Given a hierarchical layout and schematic netlist, the compare algorithm will work bottom-up: it will first compare the leaf circuits (circuits without subcircuit calls) and if those match, it will continue with the calling circuits. This approach is more efficient and fosters a clean relationship between layout and schematic netlist.
To enable hierarchical extraction, you must use "deep" mode (deep). If the deep mode statement is missing, the layout netlist will be flat (i.e. without subcircuits).
The second useful feature is "align" (align). This statement will remove circuits from the layout or schematic netlist which are unknown in the other netlist. Often, layouts contain helper cells which are not corresponding to a circuit (e.g. via cells). These are removed in this step. Eventually, this step will also flatten the schematic netlist if the layout has been extracted in a flat way.
In general, it's a good idea to include "align" before "netlist.simplify" or similar netlist manipulation and the "compare" step.

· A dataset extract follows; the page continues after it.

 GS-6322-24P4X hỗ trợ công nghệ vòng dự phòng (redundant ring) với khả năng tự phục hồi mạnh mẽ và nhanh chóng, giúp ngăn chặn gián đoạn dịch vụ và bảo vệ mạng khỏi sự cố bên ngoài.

A very useful side effect of "align" is this: it will remove circuits above the top level circuit of either side. So it will eventually render a sub-tree from the circuit tree and use that for compare. This enables subcell verification: by selecting a subcell in the layout hierarchy, an "align"-enabled LVS script will compare this cell against the corresponding subcircuit in the schematic netlist. It will ignore the parent hierarchy of this subcircuit. This way, you can work yourself upwards in the hierarchy and fix LVS errors cell by cell with the same schematic netlist.

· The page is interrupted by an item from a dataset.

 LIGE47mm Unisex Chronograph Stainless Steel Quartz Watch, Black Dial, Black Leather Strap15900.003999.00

The coarse flow of the netlist compare algorithm is this:
foreach circuit bottom up: if matching circuit found in reference netlist: if all subcircuits have been matched and pin matching has been established for them: compare net graph locally from this circuit else: skip circuit with warning else: issue a circuit mismatch error
A consequence of this flow is that the compare will stop treating parent circuits when one circuit's pins can't be matched to pins from the corresponding reference circuit or the corresponding circuit can't be found in the reference netlist. This behaviour fosters a bottom-up debugging approach: first fix the issues in subcircuits, then proceed to the parent circuits.
The local net graph compare algorithm is a backtracking algorithm with hinting through topological net classification. Topological net classification is based on nearest-net neighborhood. The following image illustrates this:
Here the IN net's neighborhood is VDD via a traversal of gate to source/drain over M1, to OUT via a twofold traversal of gate to source/drain over M1 and M2 and to VSS via another single traversal of gate to source/drain over M2. This uniquely identifies IN in this simple circuit. In effect, OUT, VDD and VSS can be identified uniquely because their transitions from the IN net are unambigously identifying them. The topological neighborhood is a simple metrics which allows identifying matching nets from two netlists and deducing further relations.
In big netlists, the algorithm will first try to match nets unambigously according to their neighborhood metrics and register them as paired nets. Such pairs often allow deducing further matching pairs. This deduction is continued until all non-ambiguous pairing options are exhausted. For resolving ambiguities, backtracking is employed: the algorithm proposes a match and tentatively proceeds with this assumption. If this execution path leads to a mismatch or logical contradiction, the algorith will go back to the beginning and restart with a new proposal. Backtracking is usually required mainly to match networks with a high symmetry such as clock trees.